BEGIN Dataset section

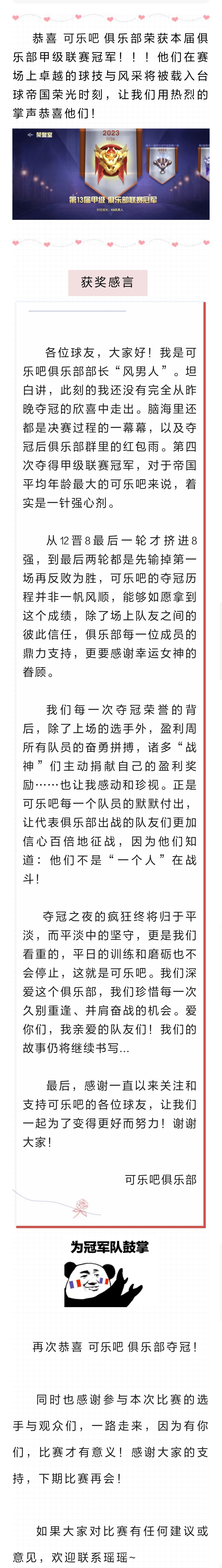 第十三届甲级联赛 | 可乐吧俱乐部,冠军
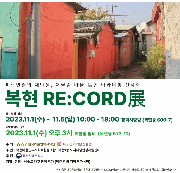 「복현마을관리사회적협동조합」은 11월 1일(수)부터 5일(일)까지 주민 공유공간인 장미사랑방에서 마을 아카이빙 전시회 ‘복현 RE:CORD展’을 개최한다.
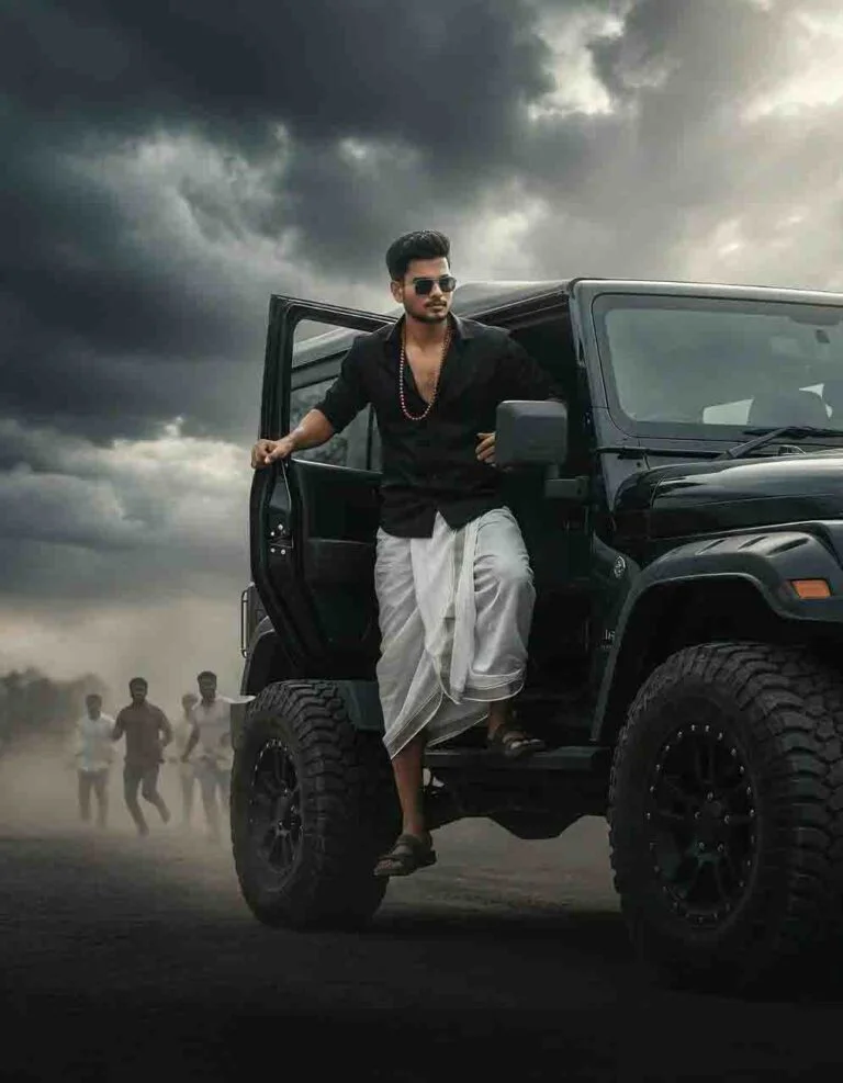 He is wearing a half-sleeve black shirt, with sleeves rolled up and the chest slightly unbuttoned, revealing a beaded chain around his neck. His lower attire is a traditional crisp white veshti/dhoti with a shiny silver border, folded in a rugged and stylish manner, emphasizing strength, confidence, and boldness. His arm rests naturally on the jeep as he steps in, creating a dynamic and authoritative pose.

END Dataset section

__Work order__. Give back, unaltered, each line of the listing from the first to the line that contains "전시회 ‘복현 RE:CORD展’을 개최한다.", leaving every picture out.

__Written response__.
 第十三届甲级联赛 | 可乐吧俱乐部,冠军
 「복현마을관리사회적협동조합」은 11월 1일(수)부터 5일(일)까지 주민 공유공간인 장미사랑방에서 마을 아카이빙 전시회 ‘복현 RE:CORD展’을 개최한다.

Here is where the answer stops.